Records excerpted from a collection
<<<<

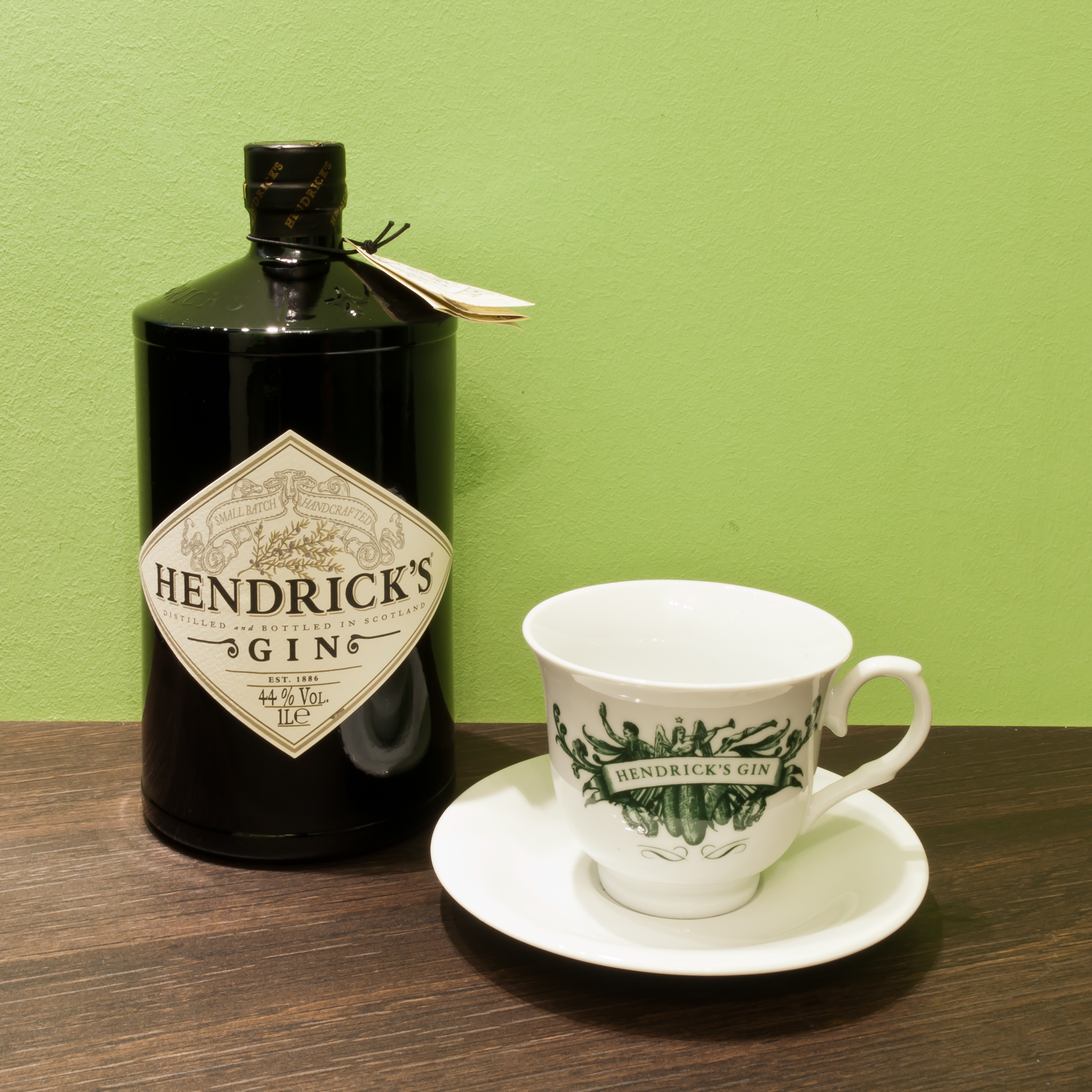 A 1-litre bottle of Hendrick's Gin with a Hendrick's Gin tea cup. Hendrick's propose to have a cocktail during tea time in that cup.
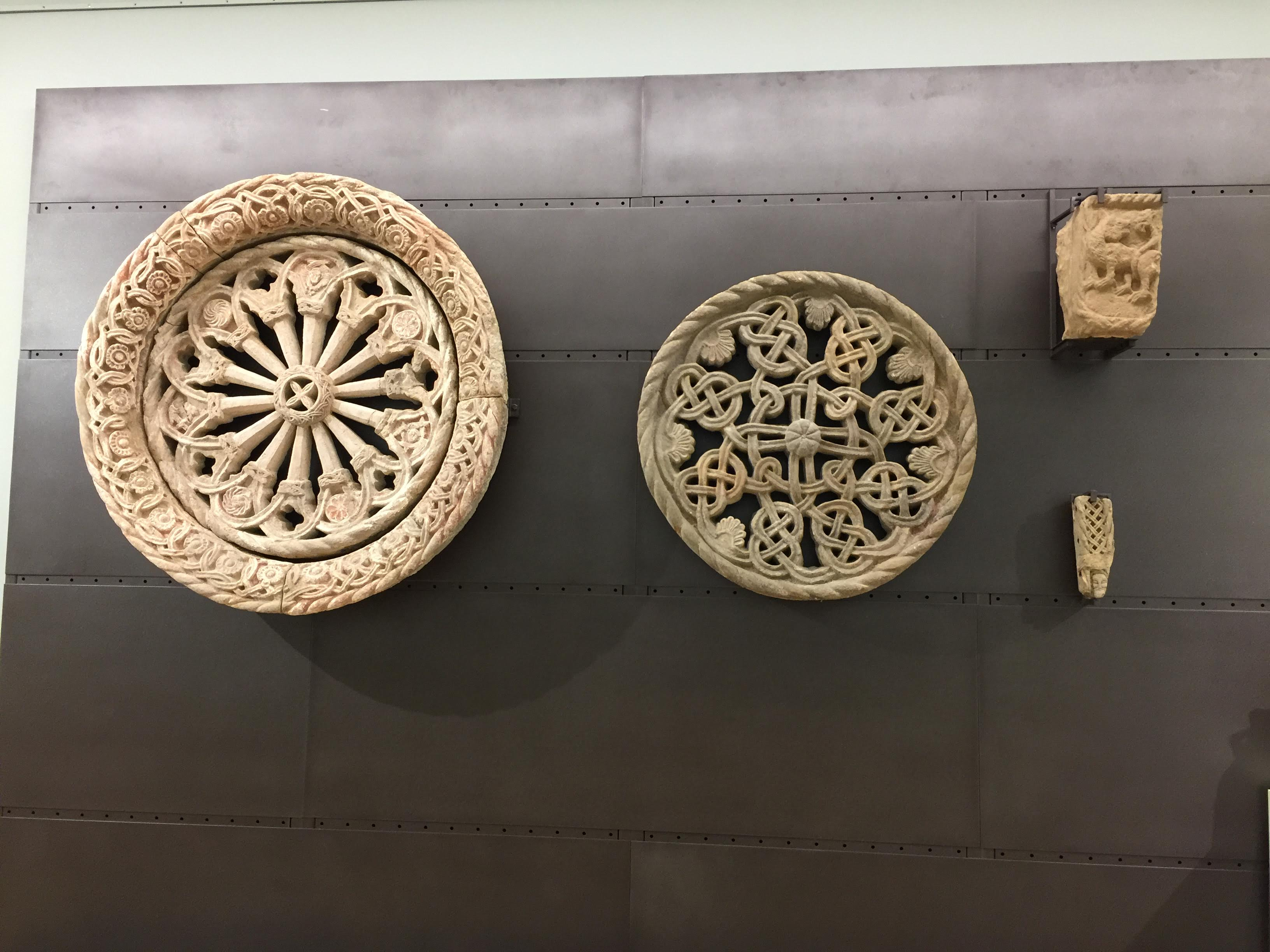 Ornaments from Serbian medieval churches
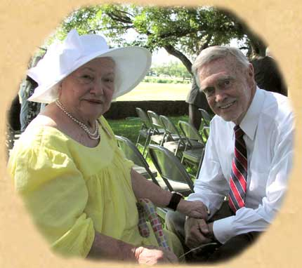 Liz Carpenter, former press secretary for Lady Bird Johnson, and Cactus Pryor at the August 27, 2003 wreath laying ceremony marking the 95th anniversary of Lyndon B. Johnson's birth in Stonewall, Texas.
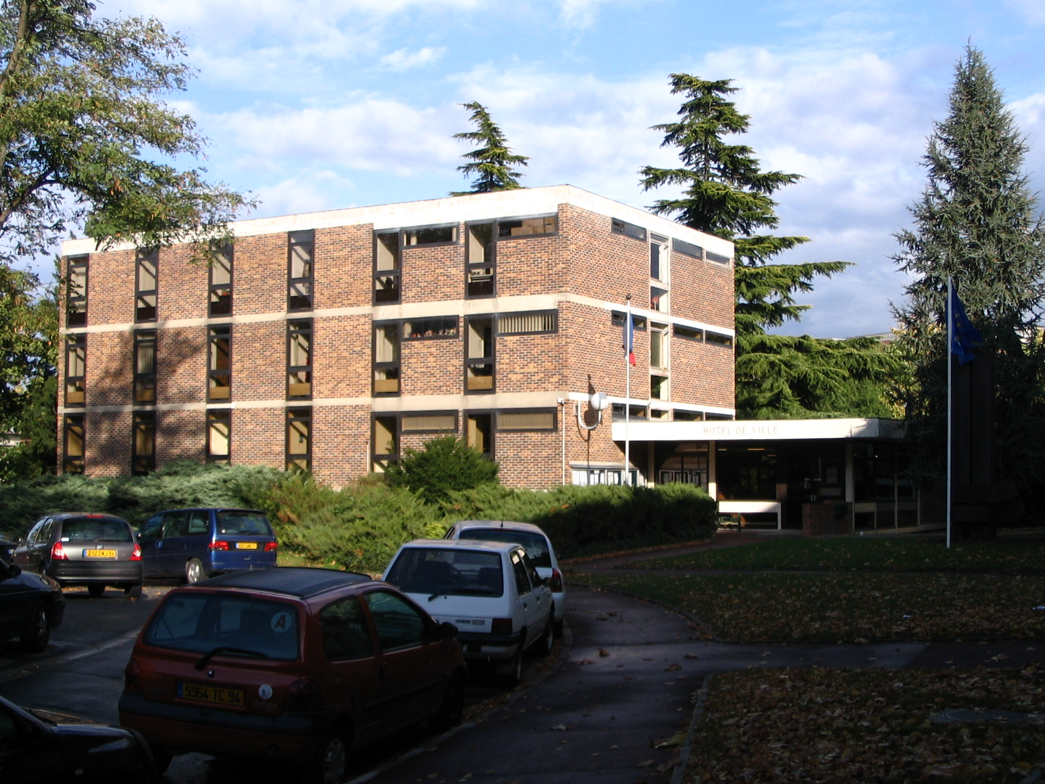 The town hall of Sucy-en-Brie, Val-de-Marne, France.
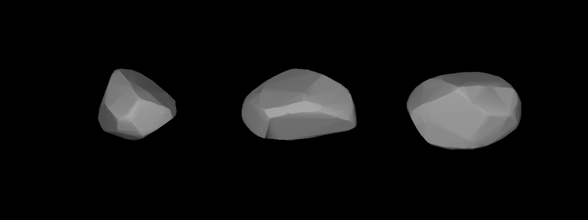 A three-dimensional model of 847 Agnia that was computed using light curve inversion techniques.
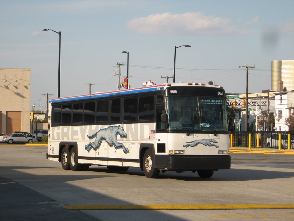 Greyhound Lines #6610 in Atlantic City, NJ, finishing Schedule #8513.
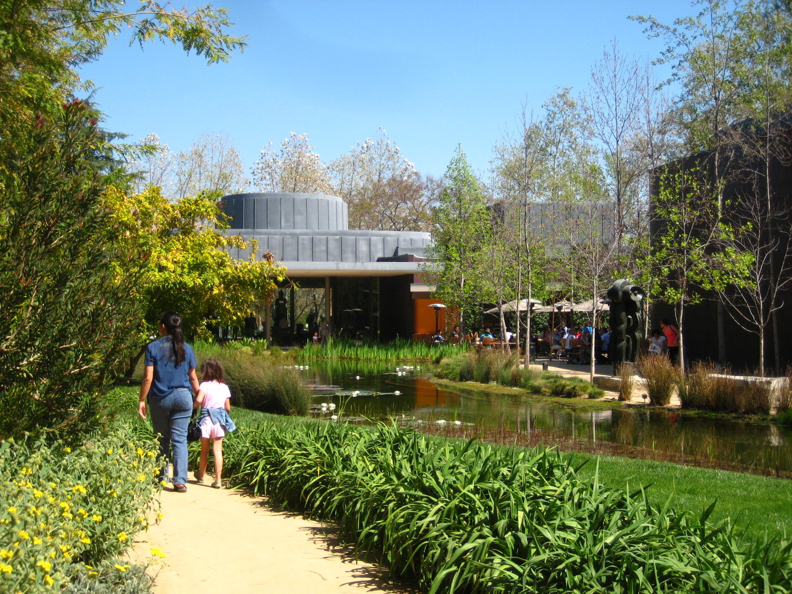 Outdoor sculpture and strolling garden at the Norton Simon Museum, Pasadena.
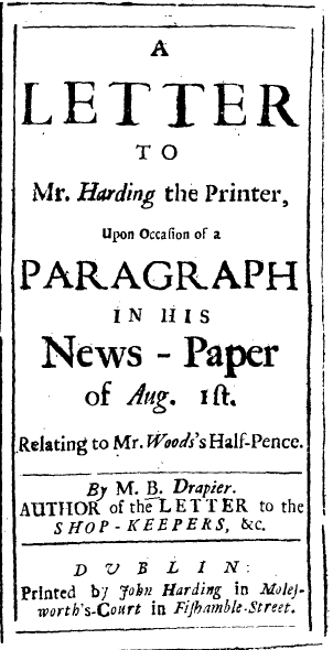 Title page from Jonathan Swift's A Letter to Mr. Harding the Printer, upon Occasion of a Paragraph in his News-Paper of August 1st, relating to Mr. Wood's Half-Pence

>>>>

An exact copy of every record above is required, with all pictures omitted.

 A 1-litre bottle of Hendrick's Gin with a Hendrick's Gin tea cup. Hendrick's propose to have a cocktail during tea time in that cup.
 Ornaments from Serbian medieval churches
 Liz Carpenter, former press secretary for Lady Bird Johnson, and Cactus Pryor at the August 27, 2003 wreath laying ceremony marking the 95th anniversary of Lyndon B. Johnson's birth in Stonewall, Texas.
 The town hall of Sucy-en-Brie, Val-de-Marne, France.
 A three-dimensional model of 847 Agnia that was computed using light curve inversion techniques.
 Greyhound Lines #6610 in Atlantic City, NJ, finishing Schedule #8513.
 Outdoor sculpture and strolling garden at the Norton Simon Museum, Pasadena.
 Title page from Jonathan Swift's A Letter to Mr. Harding the Printer, upon Occasion of a Paragraph in his News-Paper of August 1st, relating to Mr. Wood's Half-Pence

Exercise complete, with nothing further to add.